Optimizing Token Consumption in LLMs: A Nano Surge Approach for Code Reasoning Efficiency (2504.15989v2)

Published 22 Apr 2025 in cs.SE

Abstract: With the increasing adoption of LLMs in software engineering, the Chain of Thought (CoT) reasoning paradigm has become an essential approach for automated code repair. However, the explicit multi-step reasoning in CoT leads to substantial increases in token consumption, reducing inference efficiency and raising computational costs, especially for complex code repair tasks. Most prior research has focused on improving the correctness of code repair while largely overlooking the resource efficiency of the reasoning process itself. To address this challenge, this paper proposes three targeted optimization strategies: Context Awareness, Responsibility Tuning, and Cost Sensitive.

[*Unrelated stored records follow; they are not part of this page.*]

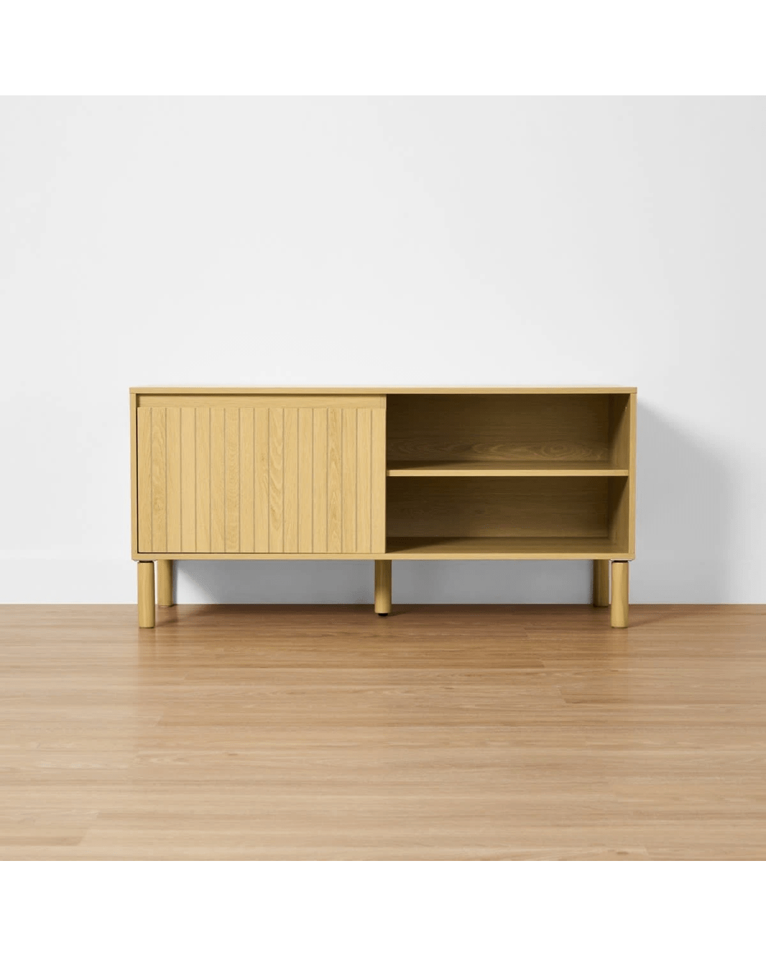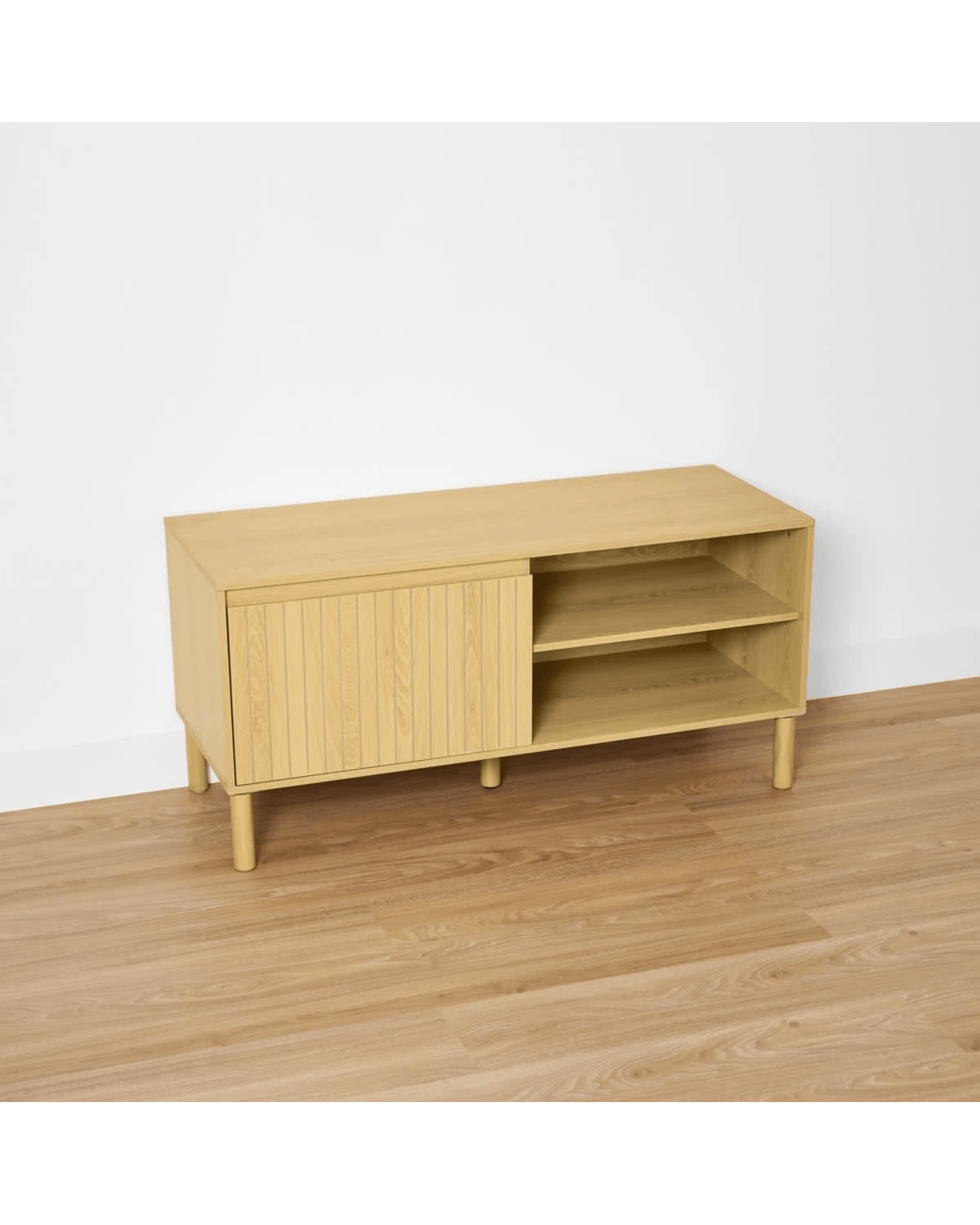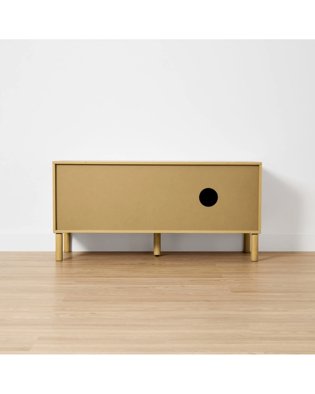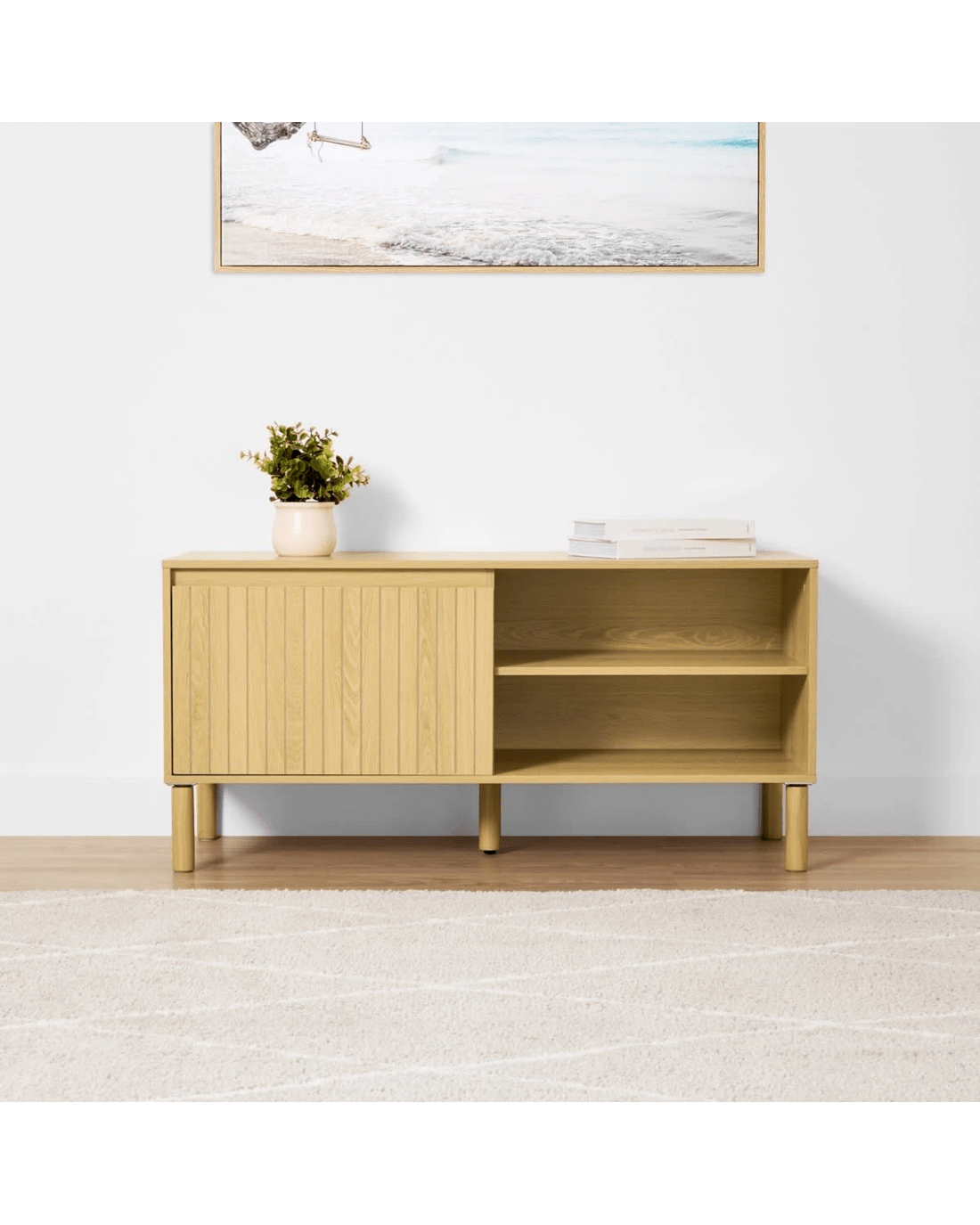 Generous Storage Option: This unit includes two spacious shelves and a concealed drawer to neatly organise media accessories, books, or decorative items.
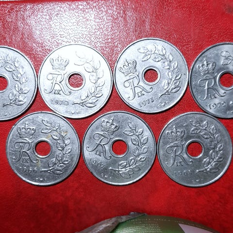 KOMPLET! MARGRETHE II + 25 ØRE 1967, 1969, 1972 FREDERIK IX I alt 19 Mønter!! Prisen er for dem alle!! 25 Øre - Margrethe II 1973 - 1988 Copper-nickel • 4.3 g • ø 23 mm KM#861. Porto 25kr. Op til 100gram!
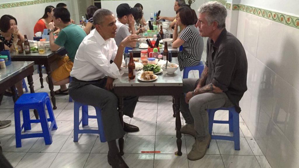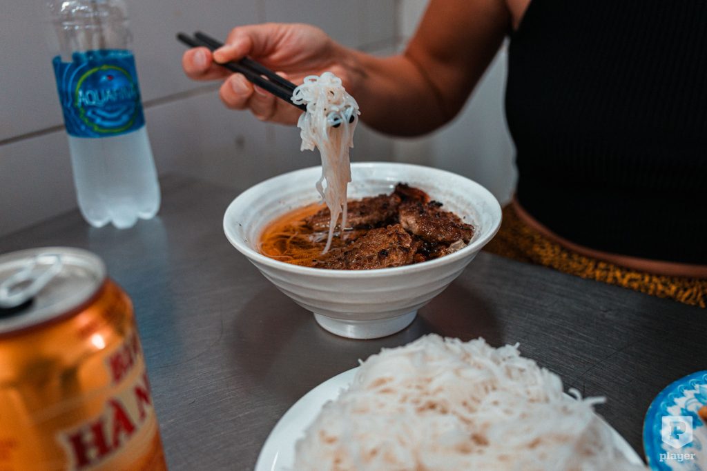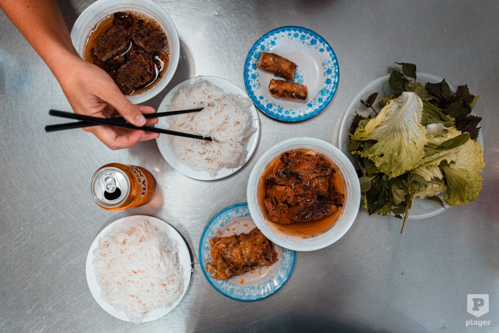 A másik alapkaja a pho mellett a bún chả, ami nem más, mint grillezett disznóhús, rizstészta, nuoc cham (umami bomba szósz), rengeteg zöldség és zöldfűszer egyvelege. Ez egy olyan kaja, hogy elég sokáig el lehetne rajta élni. Egy eléggé felkapott helyen teszteltük elsőnek Hanoi városában: a Bún chả Hương Liên kicsit kiesik az epicentrumból, de megéri felkeresni. Hírét nemcsak a frenetikus ételéről szerezte, hanem arról is, hogy Obama elnök ott kajált Anthony Bourdain néhai séffel.
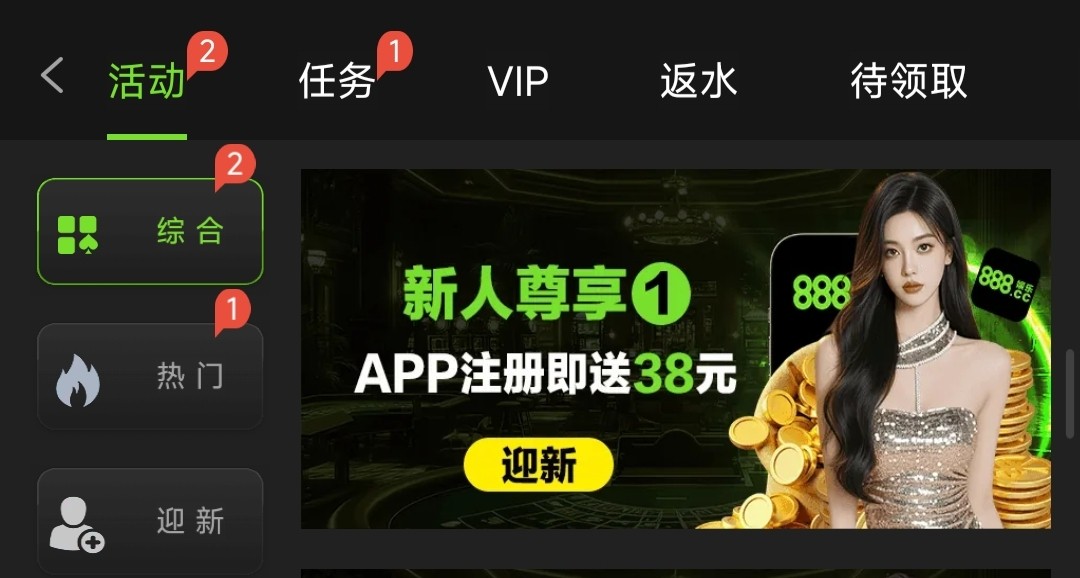 之前就有发过属于老白菜了,下载APP注册绑定银行卡/支付宝得18彩金或绑电子钱包得38彩金,二选一,10倍流水,仅限娱乐电子/棋牌/捕鱼
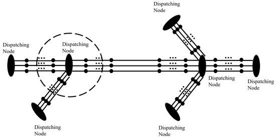 The scheduling or dispatching nodes play the role of the (rail) stations and are usually taken to coincide with the highway service areas that are distributed at unequal intervals on the highway network. These play the role of hubs and traffic flow nodes similar to the train stations in a railway system. Therefore, node processing for the virtual track transformation is performed on the highway based on the service area locations.

Context Awareness guides the model to focus on key contextual information, Responsibility Tuning refines the structure of the reasoning process through clearer role and responsibility assignment, and Cost Sensitive incorporates resource-awareness to suppress unnecessary token generation during inference. Experiments across diverse code repair scenarios demonstrate that these methods can significantly reduce token consumption in CoT-based reasoning without compromising repair quality. This work provides novel insights and methodological guidance for enhancing the efficiency of LLM-driven code repair tasks in software engineering.